This attitude never ceases to disgust me. Heaven forbid a company whose job is to produce a game based around imagination and to do so for a niche market cater to their customer base who wants things in their game to be "cool."

Its posts like this that just continue to reinforce the stormwind falacy and give optimizers a bad name as "roll players."


StealthElite wrote:


-deadly aim

I've seen this around a bit. But:

"Ultimate Combat p. 136 wrote:


...the attack resolves against the target’s touch AC when the target is
within the first range increment of the weapon, but this type
of attack is not considered a touch attack for the purposes
of feats and abilities such as Deadly Aim.

Unless they went back on this just after printing it, deadly aim works with guns.


Cheapy wrote:
Vinland Forever wrote:
Doggan wrote:
Duskblade wrote:
Another big difference is that the Gunslinger almost NEVER misses. I mean, the only way a Fighter can compare to that kind of raw damage output (which is basically a guaranteed damaged output) is to make sure that they always crit.
You should probably take a look through the DPR olympics threads. Last I looked, Fighters, Rangers and Barbarians were all well ahead of Gunslinger in damage numbers. The class isn't really broken at all. It stays viable through the game, but still has some annoying aspects to it (like misfires) to keep it even. Want to talk about broken? Look at a min-maxed fighter using a Falcata and tell me Gunslinger is still broken.
This, pretty much. My issue with the gunslinger is flavor, as I mentioned above, not mechanical. The class itself is fairly balanced.

Grit is a really cool mechanic that I hope is given to some other classes in archetypes.

You mean there is now an in-game incentive to hopping on a raging wyvern's back, shooting it in the head to kill it, and while riding the wyvern on its death spiral, hop off the dead one onto another wyvern?

Hell, I was gonna do that before grit came along, if I figured I'd have a great chance of survival.
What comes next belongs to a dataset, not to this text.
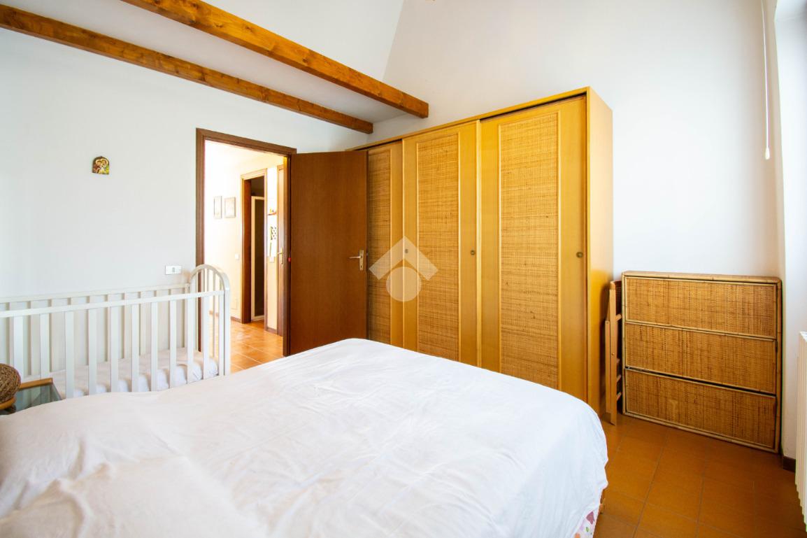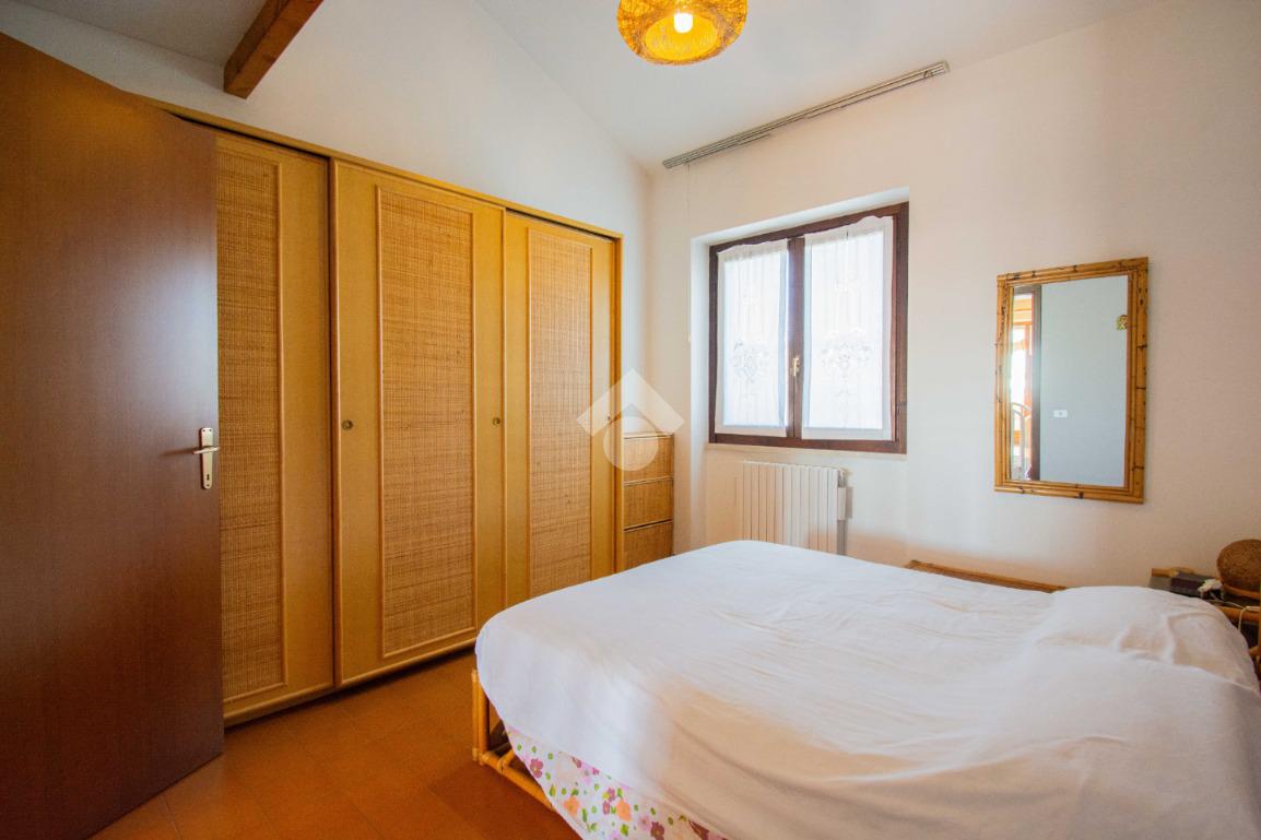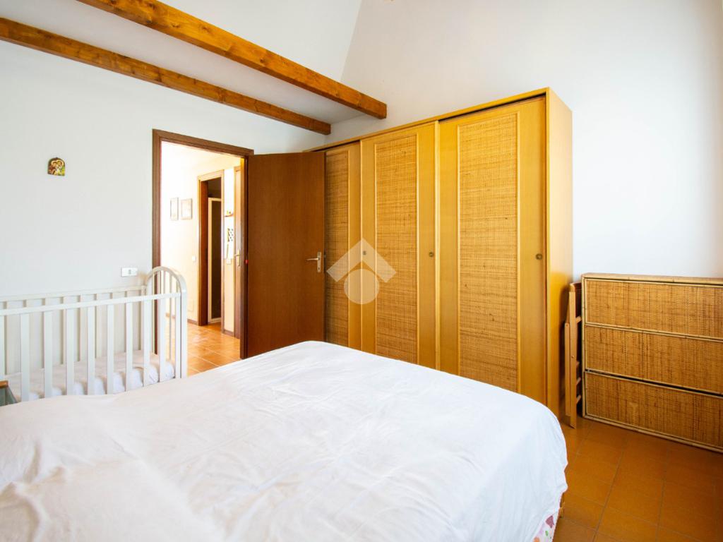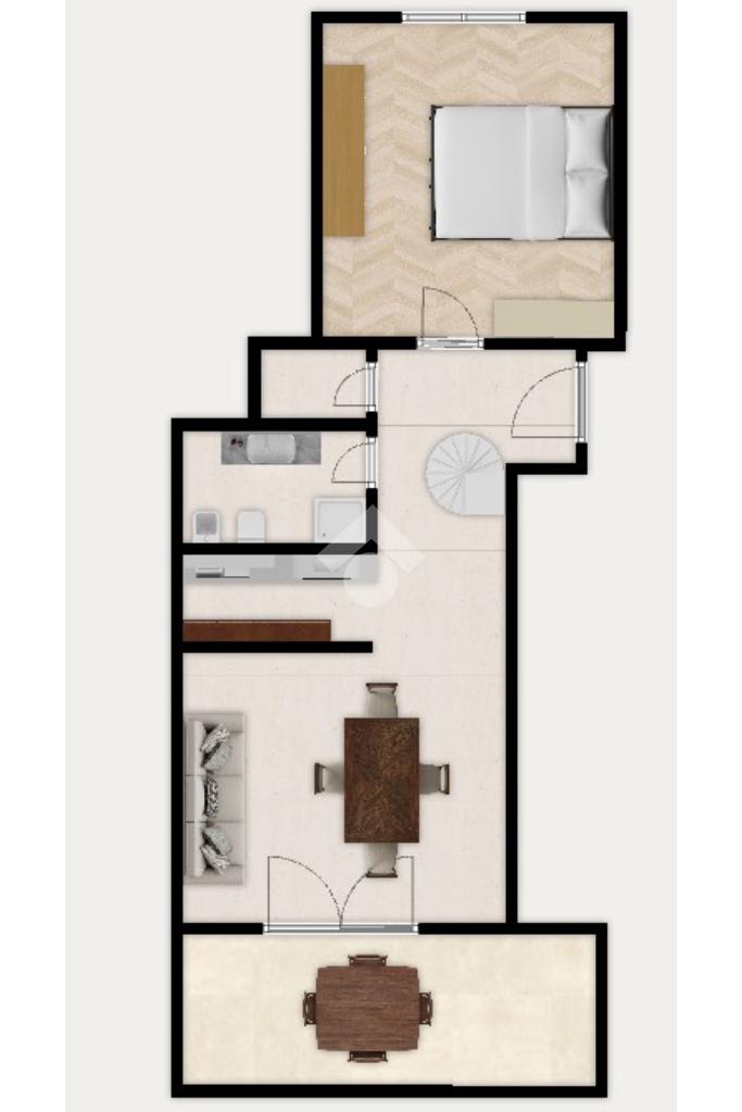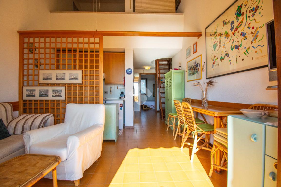 Dalla scala interna nel disimpegno si accede al soppalco, organizzato con un letto matrimoniale, che offre ulteriore spazio e funzionalità.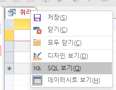 *잠시 디자인 보기, 데이터시트보기, SQL보기도 같이 진행하겠습니다.

Now? there's an incentive other than "it's cool!" to do it. Makes such situations come up a lot more often.

I never really liked it. I just don't like any guns older than a flintlock musket. I'm not saying the Gunslinger is stupid or a mechanically poor class, it's just not a class I particularly like. I like the idea of guns in Pathfinder, I'd just prefer a world in which guns are the primary weapons to a world in which they are new and somewhat rare. As I said, it's a flavor thing. I understand that others like the flavor of guns in a sword and bow setting, and that's fine. Do whatever you like. It's your game, and it's yours to play however you want. That's the whole point of Pathfinder. I, however, prefer established guns as the main weapon or no guns at all.


TheSideKick wrote:
just seems like paizo catered to people who wanted them because "its cool".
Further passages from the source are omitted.